### Problem to work on
In this exercise, retype exactly the lines from the start of the entries through the line bearing "로엔의 청소년 대상 오디션", leaving every picture out.

[[ Dataset extract, beginning ]]

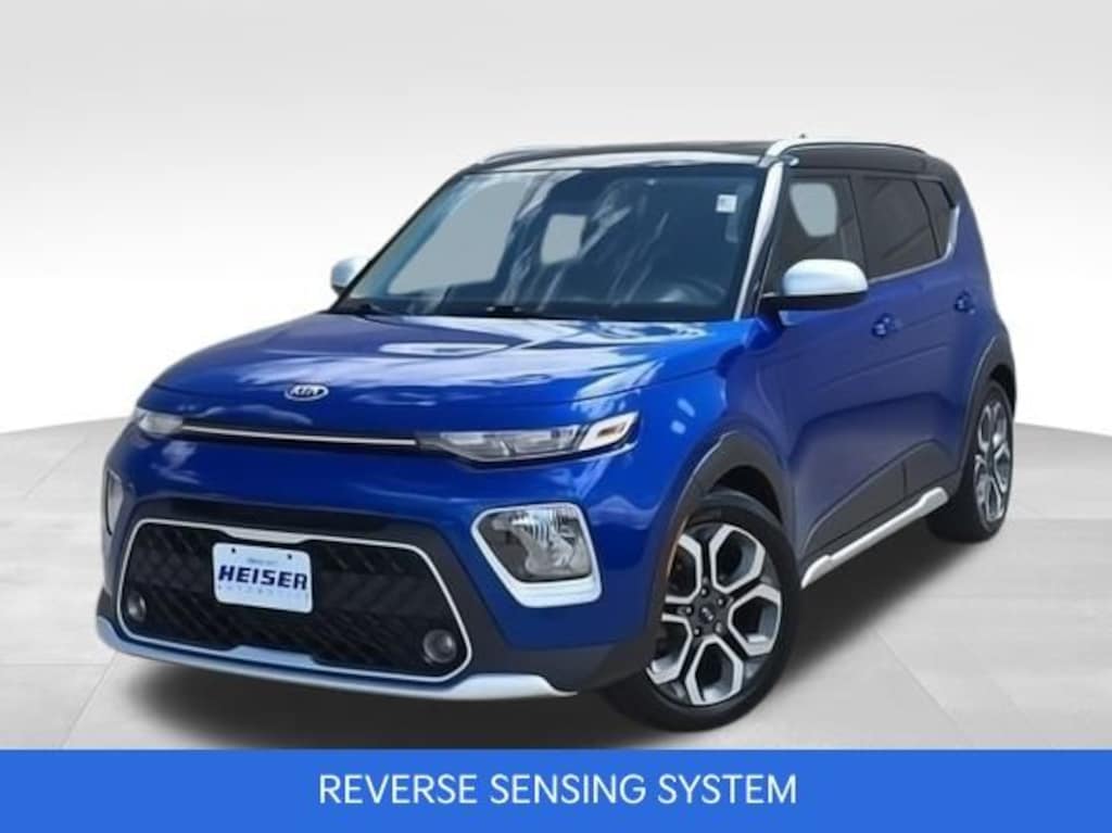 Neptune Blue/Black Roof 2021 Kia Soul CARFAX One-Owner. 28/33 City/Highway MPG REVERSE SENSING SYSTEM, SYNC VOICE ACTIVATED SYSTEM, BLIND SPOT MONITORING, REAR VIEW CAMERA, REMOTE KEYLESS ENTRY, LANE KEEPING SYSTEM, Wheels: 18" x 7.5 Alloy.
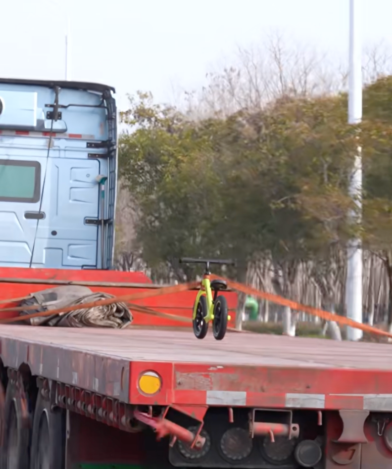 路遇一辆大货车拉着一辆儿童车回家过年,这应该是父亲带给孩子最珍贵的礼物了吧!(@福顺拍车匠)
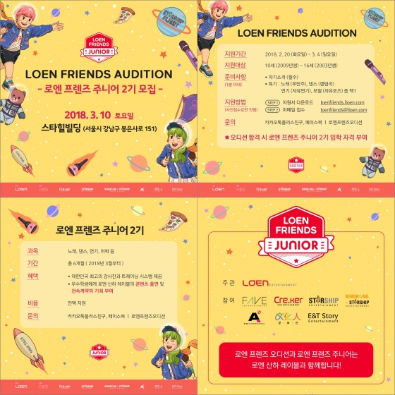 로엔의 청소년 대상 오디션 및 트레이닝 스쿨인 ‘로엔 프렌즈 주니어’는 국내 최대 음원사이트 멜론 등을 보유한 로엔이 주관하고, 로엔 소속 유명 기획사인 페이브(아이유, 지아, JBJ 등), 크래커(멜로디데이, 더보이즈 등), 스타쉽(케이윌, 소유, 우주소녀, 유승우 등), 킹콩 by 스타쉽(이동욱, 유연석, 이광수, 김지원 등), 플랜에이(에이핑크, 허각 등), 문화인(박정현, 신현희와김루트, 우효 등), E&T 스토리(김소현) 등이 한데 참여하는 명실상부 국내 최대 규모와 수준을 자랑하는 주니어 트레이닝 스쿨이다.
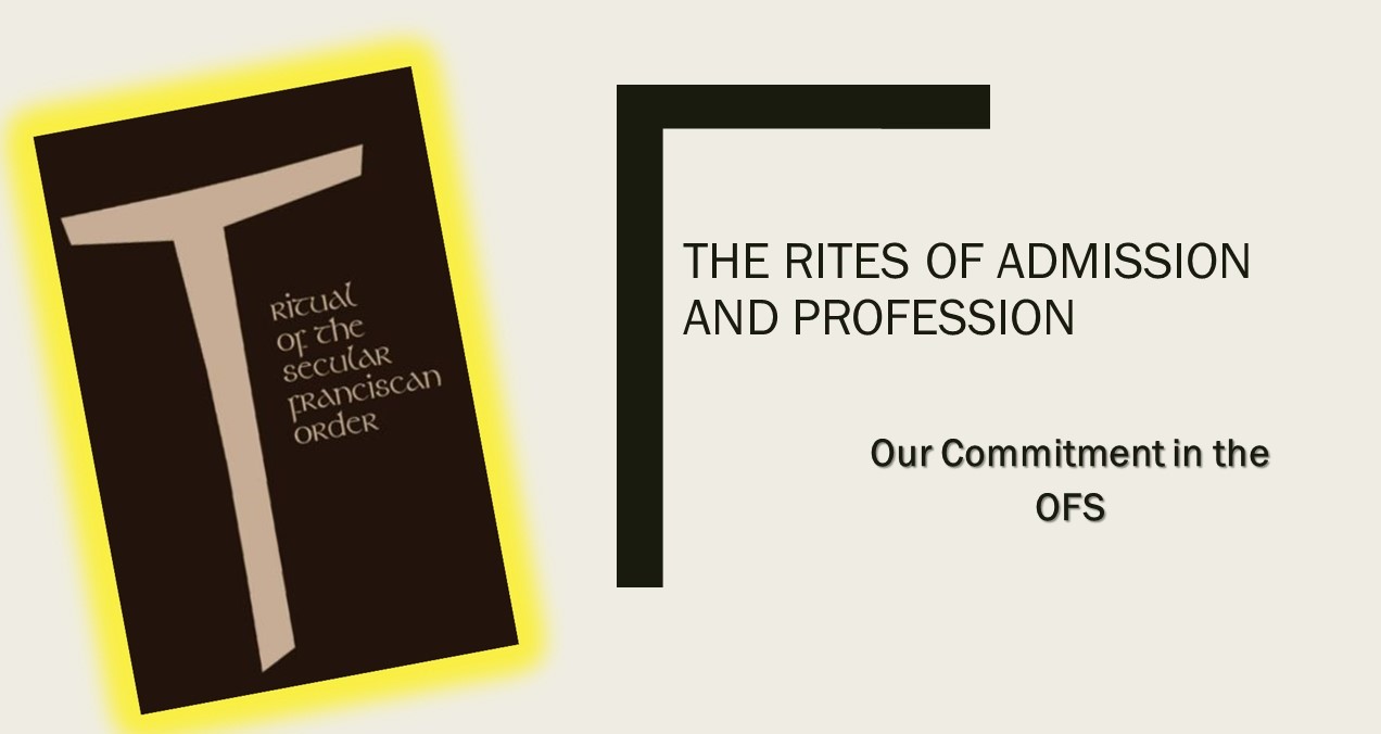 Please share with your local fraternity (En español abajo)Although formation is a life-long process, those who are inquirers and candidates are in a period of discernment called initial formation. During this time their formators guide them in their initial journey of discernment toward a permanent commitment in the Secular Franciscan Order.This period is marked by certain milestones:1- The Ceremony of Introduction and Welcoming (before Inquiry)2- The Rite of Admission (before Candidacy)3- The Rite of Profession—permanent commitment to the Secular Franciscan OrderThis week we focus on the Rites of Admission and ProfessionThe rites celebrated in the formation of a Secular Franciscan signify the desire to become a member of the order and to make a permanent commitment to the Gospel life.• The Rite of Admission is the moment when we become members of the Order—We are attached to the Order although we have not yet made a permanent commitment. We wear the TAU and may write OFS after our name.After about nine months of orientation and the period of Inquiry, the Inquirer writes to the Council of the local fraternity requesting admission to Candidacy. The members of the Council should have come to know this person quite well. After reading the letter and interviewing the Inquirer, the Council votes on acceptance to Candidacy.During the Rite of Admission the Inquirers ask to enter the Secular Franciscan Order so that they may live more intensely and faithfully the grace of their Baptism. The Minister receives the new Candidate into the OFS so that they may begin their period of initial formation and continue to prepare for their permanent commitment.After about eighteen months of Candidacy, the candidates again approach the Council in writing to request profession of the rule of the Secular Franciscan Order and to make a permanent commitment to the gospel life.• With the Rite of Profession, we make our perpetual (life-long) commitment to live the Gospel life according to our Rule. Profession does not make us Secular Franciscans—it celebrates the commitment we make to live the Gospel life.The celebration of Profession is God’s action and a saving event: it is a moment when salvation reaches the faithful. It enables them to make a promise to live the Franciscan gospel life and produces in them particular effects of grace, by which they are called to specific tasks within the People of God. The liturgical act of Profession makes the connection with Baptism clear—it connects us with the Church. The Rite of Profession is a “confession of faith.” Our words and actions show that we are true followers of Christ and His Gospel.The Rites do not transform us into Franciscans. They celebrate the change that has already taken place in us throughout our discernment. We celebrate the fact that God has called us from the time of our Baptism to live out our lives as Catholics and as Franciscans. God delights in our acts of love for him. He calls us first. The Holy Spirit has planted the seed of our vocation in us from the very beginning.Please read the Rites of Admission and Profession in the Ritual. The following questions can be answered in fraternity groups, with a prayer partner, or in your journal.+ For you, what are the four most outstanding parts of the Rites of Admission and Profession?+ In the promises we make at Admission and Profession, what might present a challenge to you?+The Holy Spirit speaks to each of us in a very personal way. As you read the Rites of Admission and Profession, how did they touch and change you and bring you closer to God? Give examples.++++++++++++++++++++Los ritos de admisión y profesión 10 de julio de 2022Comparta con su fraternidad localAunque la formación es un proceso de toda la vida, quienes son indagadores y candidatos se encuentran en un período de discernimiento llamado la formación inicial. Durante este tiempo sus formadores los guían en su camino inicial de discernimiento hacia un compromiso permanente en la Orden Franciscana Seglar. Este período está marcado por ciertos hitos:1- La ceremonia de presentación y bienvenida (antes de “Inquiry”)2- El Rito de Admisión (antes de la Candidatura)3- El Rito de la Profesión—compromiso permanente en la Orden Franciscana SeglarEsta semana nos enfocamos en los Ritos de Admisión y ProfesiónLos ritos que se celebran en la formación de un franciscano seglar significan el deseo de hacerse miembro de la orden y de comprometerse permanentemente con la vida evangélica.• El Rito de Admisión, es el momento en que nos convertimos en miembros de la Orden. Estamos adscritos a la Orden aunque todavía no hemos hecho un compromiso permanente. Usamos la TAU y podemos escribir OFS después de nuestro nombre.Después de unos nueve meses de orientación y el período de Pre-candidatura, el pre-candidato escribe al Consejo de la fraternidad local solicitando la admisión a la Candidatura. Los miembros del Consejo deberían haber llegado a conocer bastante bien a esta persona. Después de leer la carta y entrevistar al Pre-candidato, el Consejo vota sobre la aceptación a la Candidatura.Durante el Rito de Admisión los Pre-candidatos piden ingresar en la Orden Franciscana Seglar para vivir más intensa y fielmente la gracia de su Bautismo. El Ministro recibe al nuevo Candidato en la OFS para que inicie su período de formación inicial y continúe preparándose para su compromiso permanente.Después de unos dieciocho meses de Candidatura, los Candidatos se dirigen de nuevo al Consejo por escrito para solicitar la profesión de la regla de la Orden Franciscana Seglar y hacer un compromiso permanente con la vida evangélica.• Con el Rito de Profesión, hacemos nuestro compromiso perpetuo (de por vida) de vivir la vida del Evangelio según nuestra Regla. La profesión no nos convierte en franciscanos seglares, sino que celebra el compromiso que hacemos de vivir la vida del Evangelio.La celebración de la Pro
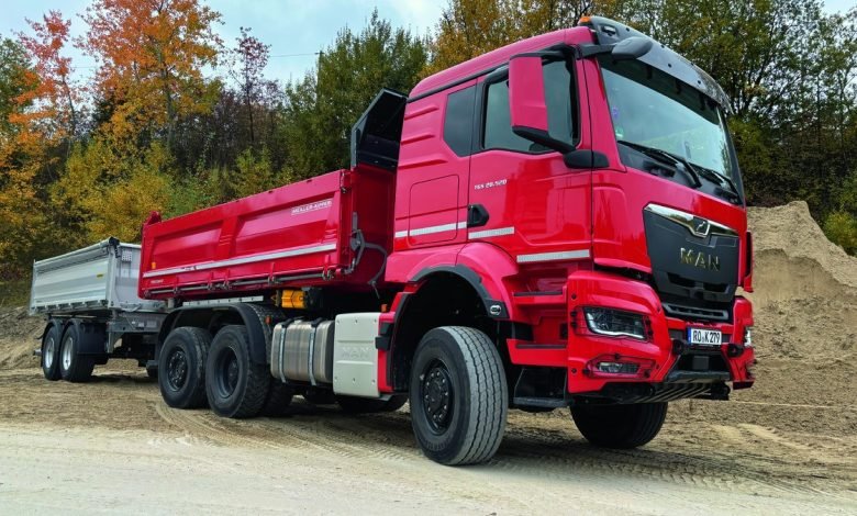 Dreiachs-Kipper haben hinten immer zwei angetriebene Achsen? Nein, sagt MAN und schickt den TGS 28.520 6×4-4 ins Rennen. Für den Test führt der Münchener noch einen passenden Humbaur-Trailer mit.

[[ Dataset extract, end ]]

### Solution for this problem
 Neptune Blue/Black Roof 2021 Kia Soul CARFAX One-Owner. 28/33 City/Highway MPG REVERSE SENSING SYSTEM, SYNC VOICE ACTIVATED SYSTEM, BLIND SPOT MONITORING, REAR VIEW CAMERA, REMOTE KEYLESS ENTRY, LANE KEEPING SYSTEM, Wheels: 18" x 7.5 Alloy.
 路遇一辆大货车拉着一辆儿童车回家过年,这应该是父亲带给孩子最珍贵的礼物了吧!(@福顺拍车匠)
 로엔의 청소년 대상 오디션 및 트레이닝 스쿨인 ‘로엔 프렌즈 주니어’는 국내 최대 음원사이트 멜론 등을 보유한 로엔이 주관하고, 로엔 소속 유명 기획사인 페이브(아이유, 지아, JBJ 등), 크래커(멜로디데이, 더보이즈 등), 스타쉽(케이윌, 소유, 우주소녀, 유승우 등), 킹콩 by 스타쉽(이동욱, 유연석, 이광수, 김지원 등), 플랜에이(에이핑크, 허각 등), 문화인(박정현, 신현희와김루트, 우효 등), E&T 스토리(김소현) 등이 한데 참여하는 명실상부 국내 최대 규모와 수준을 자랑하는 주니어 트레이닝 스쿨이다.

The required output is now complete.